● **Exercise aim**: Leave every picture out and return the rest of the listing verbatim.

---- Supplied material

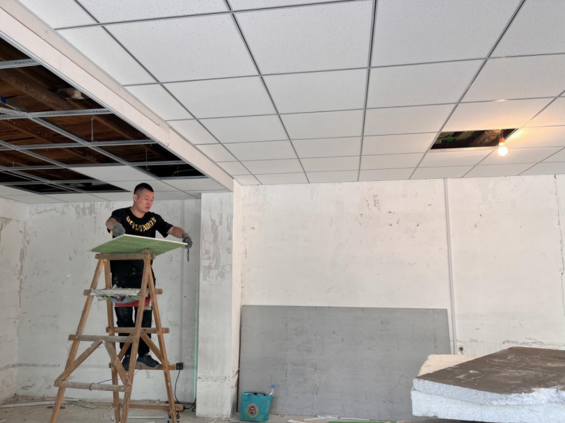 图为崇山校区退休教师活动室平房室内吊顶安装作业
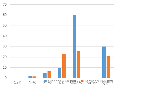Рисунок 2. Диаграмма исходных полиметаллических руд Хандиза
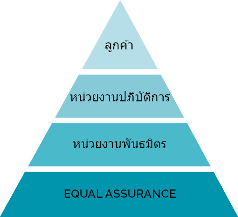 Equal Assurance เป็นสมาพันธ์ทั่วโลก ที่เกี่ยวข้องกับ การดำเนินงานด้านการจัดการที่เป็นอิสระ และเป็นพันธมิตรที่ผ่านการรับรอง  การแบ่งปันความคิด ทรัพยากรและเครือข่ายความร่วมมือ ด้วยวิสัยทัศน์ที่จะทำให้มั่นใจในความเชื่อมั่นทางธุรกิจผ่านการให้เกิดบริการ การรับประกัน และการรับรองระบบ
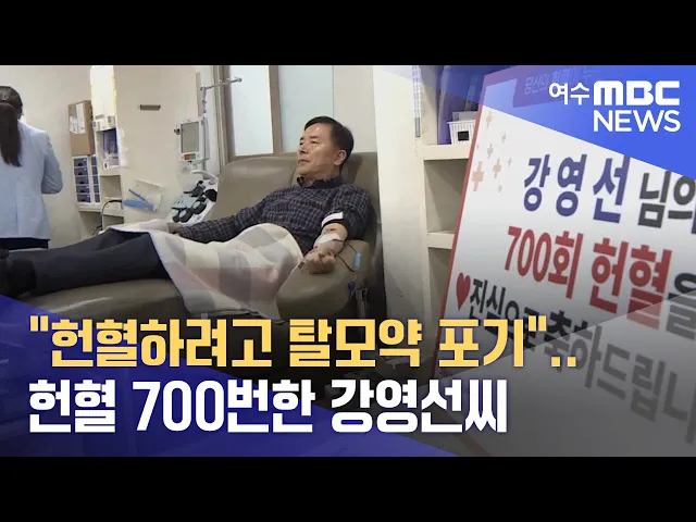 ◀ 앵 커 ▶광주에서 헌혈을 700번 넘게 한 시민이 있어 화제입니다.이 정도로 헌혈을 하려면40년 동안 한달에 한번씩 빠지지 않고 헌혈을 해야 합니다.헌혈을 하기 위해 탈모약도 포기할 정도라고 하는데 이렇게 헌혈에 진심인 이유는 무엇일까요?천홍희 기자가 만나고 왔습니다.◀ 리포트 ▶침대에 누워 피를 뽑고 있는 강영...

--------

● **Solved exercise**:
 图为崇山校区退休教师活动室平房室内吊顶安装作业
Рисунок 2. Диаграмма исходных полиметаллических руд Хандиза
 Equal Assurance เป็นสมาพันธ์ทั่วโลก ที่เกี่ยวข้องกับ การดำเนินงานด้านการจัดการที่เป็นอิสระ และเป็นพันธมิตรที่ผ่านการรับรอง  การแบ่งปันความคิด ทรัพยากรและเครือข่ายความร่วมมือ ด้วยวิสัยทัศน์ที่จะทำให้มั่นใจในความเชื่อมั่นทางธุรกิจผ่านการให้เกิดบริการ การรับประกัน และการรับรองระบบ
 ◀ 앵 커 ▶광주에서 헌혈을 700번 넘게 한 시민이 있어 화제입니다.이 정도로 헌혈을 하려면40년 동안 한달에 한번씩 빠지지 않고 헌혈을 해야 합니다.헌혈을 하기 위해 탈모약도 포기할 정도라고 하는데 이렇게 헌혈에 진심인 이유는 무엇일까요?천홍희 기자가 만나고 왔습니다.◀ 리포트 ▶침대에 누워 피를 뽑고 있는 강영...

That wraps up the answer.